Sombras en el Pasillo

​La noche sobre el viejo caserón no trajo silencio, sino una densidad sofocante. El frío se filtraba entre las grietas de las paredes gastadas, donde la pintura descascarada caía en finos copos sobre el suelo de madera rotosa. Marcos y Elena habían entrado buscando refugio tras la avería de su coche en la carretera desierta, pero desde el momento en que cruzaron el umbral, supieron que algo maligno habitaba entre aquellas ruinas.

​El Misterio de la Casa Abandonada

​Caminaban a tientas por el angosto pasillo, escuchando cada crujido del piso bajo sus pisadas temblorosas. El aire olía a humedad, polvo viejo y a un rancio perfume del pasado. Al fondo, la puerta de madera permanecía impasible bajo la tenue luz que apenas entraba por una claraboya rota.

​—Tenemos que encontrar una salida antes de que empeore la tormenta —susurró Elena, frotándose los brazos tiritando de frío.

​—Tranquila, solo busquemos un lugar seguro para pasar la noche —respondió Marcos, intentando aparentar una entereza que no sentía.

​De repente, un susurro gutural resonó desde la penumbra. No era el viento.
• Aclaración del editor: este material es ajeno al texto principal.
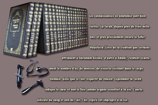 Celui-ci étant l'expression du cheminement de notre âme, il existe un ou plusieurs antidotes permettant à Dieu de nous remettre en phase avec l'équilibre de Sa création! ![]() Ce personnage a un rôle qui représente l'instrument de Dieu pour aider les hommes à réintégrer le juste cours de l'édifice de la création. Traiter un homme ne représente ni une atteinte à la volonté divine, ni une insulte, mais au contraire un devoir dicté par Dieu Lui-même. Le Talmud reflète la conception du monde du peuple juif, fondée sur la croyance en un Dieu unique, Maître de la vie sur terre et dont l'homme ne peut enfreindre la Loi. Cette attitude s'oppose à la médecine hippocratique qui accorde une importance majeure au pronostic en se basant sur la matière, qui est en fait le niveau le plus bas de la création. ![]() Comment traiter de la médecine et du patrimoine culturel juif sans parler de la Brite Mila (circoncision). La Brite Mila est donc l'acte rituel juif qui consiste en l'ablation du prépuce chez le nouveau né âgé de 8 jours chez les juifs. ![]() Chez les juifs, la circoncision n'est pratiquée QUE par un "Mohel" (spécialiste des règles de pureté inhérentes à la technique de la circoncision et elle-même). La physiologie féminine est abordée, entre autre, dans le livre de Vayikra (ch15-v19 et 25, ch20-v18), "La femme qui aura un flux de sang pendant plusieurs jours hors de ses époques régulières sera impure tout le temps comme au temps de son indisposition menstruelle." ![]() Ainsi l'hépatectomie (consiste en l'ablation de lésions malignes ou bénignes) est réputée mortelle alors que la splénectomie (ablation chirurgicale de la rate) ne l'est qu'en cas d'hémorragie massive. Certaines pathologies sont bien connues, d'autres sont redoutées. Les affections dermatologiques et génitales suscitent un intérêt particulier. Les syndromes dysentériques, les ictères, les hémorroïdes, la lithiase vésicale, la diphtérie, les psychopathies sont connues. Les piqûres d'insectes, les morsures de chiens ou de serpents sont redoutées. Les manifestations convulsives ou hystériques sont rapportées à des troubles sexuels ou à une folie nommée en terme hébraïque Roua'h Chtoute ("vent de bêtise") qui est entré dans la tête. Les "Oumanimes", étaient des chirurgiens diplômés chargés de pratiquer les saignées, les césariennes, les réductions de luxations ou de fractures, les amputations, les soins dentaires. L'analgésie (interruption de la transmission du signal neuronal de douleur depuis la zone lésée) était pratiquée avec une potion à base de mandragore dont la racine contient des alcaloïdes délirogènes: d'atropine, de scopolamine, et surtout d'hyosciamine (la "somma deschinta"). ![]() La thérapeutique médicale utilisée par les hébreux de la période biblique était singulière, de bon sens et efficace. Elle recourait à des substances animales variées et inattendues; à des plantes médicinales comme la mandragore ou le "samthar". Leur administration se faisait sous formes d'infusions, de vins, de poudres, de pommades, de collyres. Dans le livre des Rois (Mélakhim ch 4-v 33, 34, 35) on explique comment le prophète Elicha ressuscite un enfant mort des suites de céphalées (douleurs locales ressenties au niveau de la boîte crânienne): " Elicha pria l'Eternel. Il monta, se coucha sur l'enfant; il mit sa bouche sur sa bouche, ses yeux sur ses yeux, ses mains sur ses mains, et il s'étendit sur lui. Et la chair de l'enfant se réchauffa." Les prêtres de cette époque avaient des pouvoirs très puissants que nous nommerions aujourd'hui "magiques" (par pure ignorance de l'aspect hautement spirituel du message divin au mont Sinaï), et pouvaient littéralement faire revivre une personne morte! La manipulation n'a rien à voir avec une séance de bouche à bouche! Le prophète Ycha'ya dit: Prenez une masse de figues. On la prit, et on l'appliqua sur l'ulcère. ![]() Là encore, de même que pour la circoncision, il ne s'agit aucunement de règles "d'hygiène", mais bien d'un décret divin visant à restreindre le peuple d'Israël à une nourriture et à un mode de consommation idéal pour l'élévation spirituelle vers Dieu. Ces conditions ne peuvent pas être transgresser au cours de la vie d'un juif respectueux de son pacte avec Dieu. Autrement dit, respectueux des lois (Halakhote) rédigées par les plus grandes sommités halakhique de tout temps (Tanaïm, Amoraïm, Guéonim, Richonim....) et possédant une connaissance profonde du psyché humain. L'abattage rituel s'est donc toujours pratiqué chez les juifs, et le Cho'hèt spécialisé dans cette pratique, doit connaître parfaitement l'anatomie de la bête qu'il abat, selon des règles très précises et strictes énoncées par la Torah, et bien entendu la Guémara qui en est donc un des commentaires les plus pointus. Le Talmud formule un noble précepte d'objectivité: "Tu ne parleras que si la chose te paraît aussi claire que le jour". Aussi les notations médicales qui sont parfois d'inspiration vétérinaire, sont rédigées dans certains cas après avoir recouru à l'expérimentation contradictoire en cas de doute. La recherche d'une preuve pouvait même conduire à pratiquer une autopsie d'une chèvre malade. Les règles d'hygiène collective tiennent une grande place dans le Talmud. L'usage quotidien des ablutions et des bains était ordonné par la coutume religieuse.

Era como una respiración pesada que recorría las paredes. Sus corazones comenzaron a martillear contra sus pechos con violencia. El ambiente se volvió helado en cuestión de segundos.

​El Encuentro con lo Desconocido

​Un chasquido metálico retumbó en la oscuridad. Marcos agarró a Elena del brazo con firmeza. Sus ojos estaban desorbitados por el horror mientras la penumbra parecía moldearse a su alrededor.

​Marcos: ¡Apaga la luz, que está aquí!

​Elena intentó reaccionar, pero sus manos temblaban de manera incontrolable. Llevó la mirada hacia el fondo del pasillo, hacia donde el frío parecía concentrarse como un vórtice helado. Un brillo metálico captó su atención: la manija metálica de la puerta antigua empezó a ceder.

​Elena: No puedo, el pomo se está moviendo…

​El mecanismo crujió con fuerza mientras se desplazaba hacia abajo lentamente, como si una mano invisible pero brutal lo accionara desde el otro lado. Una fuerza invisible envolvió el cuello de Elena, obligándola a clavar los ojos en la rendija de la puerta que comenzaba a abrirse milímetro a milímetro. La oscuridad absoluta brotaba de aquel hueco.

​Marcos: ¡No mires hacia allá!

​Marcos la sujetó con todas sus fuerzas para arrastrarla hacia atrás, pero el aire se volvió tan denso que apenas podían respirar. Un grito desgarrador brotó de la garganta de Elena cuando sintió que la sombra se abalanzaba sobre ellos, consumiendo cada rincón de la estancia en un abismo de terror.

​Mensaje de Reflexión

​El verdadero peligro no siempre es lo que habita en la oscuridad exterior, sino la manera en que dejamos que el miedo paralizante tome el control de nuestras decisiones. En los momentos de mayor incertidumbre y situaciones límite, mantener la calma y actuar con templanza es la única luz capaz de guiarnos a través de las sombrías adversidades de la vida.